***** DATA TO EXAMINE *****
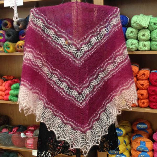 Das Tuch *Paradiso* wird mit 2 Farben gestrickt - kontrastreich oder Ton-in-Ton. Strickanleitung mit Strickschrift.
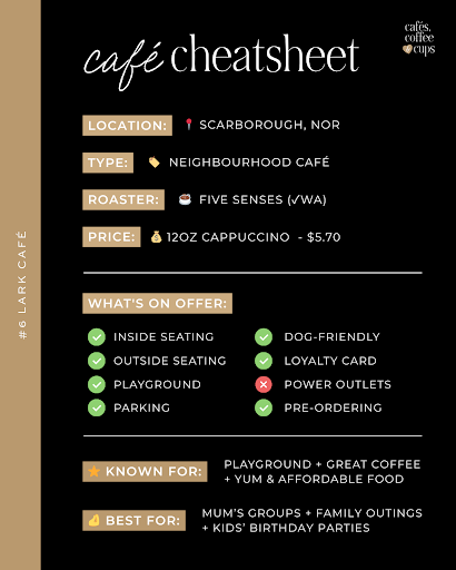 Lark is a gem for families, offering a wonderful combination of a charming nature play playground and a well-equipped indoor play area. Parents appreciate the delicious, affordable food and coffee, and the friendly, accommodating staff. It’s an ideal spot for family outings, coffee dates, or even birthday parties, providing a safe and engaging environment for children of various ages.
*****
***** DATA TO EXAMINE *****
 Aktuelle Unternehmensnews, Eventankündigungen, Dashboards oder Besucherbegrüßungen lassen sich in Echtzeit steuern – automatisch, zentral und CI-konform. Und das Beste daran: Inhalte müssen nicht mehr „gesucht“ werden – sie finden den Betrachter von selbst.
*****
• _REQUIRED WORK_
From the records above, transcribe only the stretch from the line with "Das Tuch *Paradiso*" through the line with "Lark is a gem", keeping both ends. Omit pictures.

• _FINISHED TASK_
 Das Tuch *Paradiso* wird mit 2 Farben gestrickt - kontrastreich oder Ton-in-Ton. Strickanleitung mit Strickschrift.
 Lark is a gem for families, offering a wonderful combination of a charming nature play playground and a well-equipped indoor play area. Parents appreciate the delicious, affordable food and coffee, and the friendly, accommodating staff. It’s an ideal spot for family outings, coffee dates, or even birthday parties, providing a safe and engaging environment for children of various ages.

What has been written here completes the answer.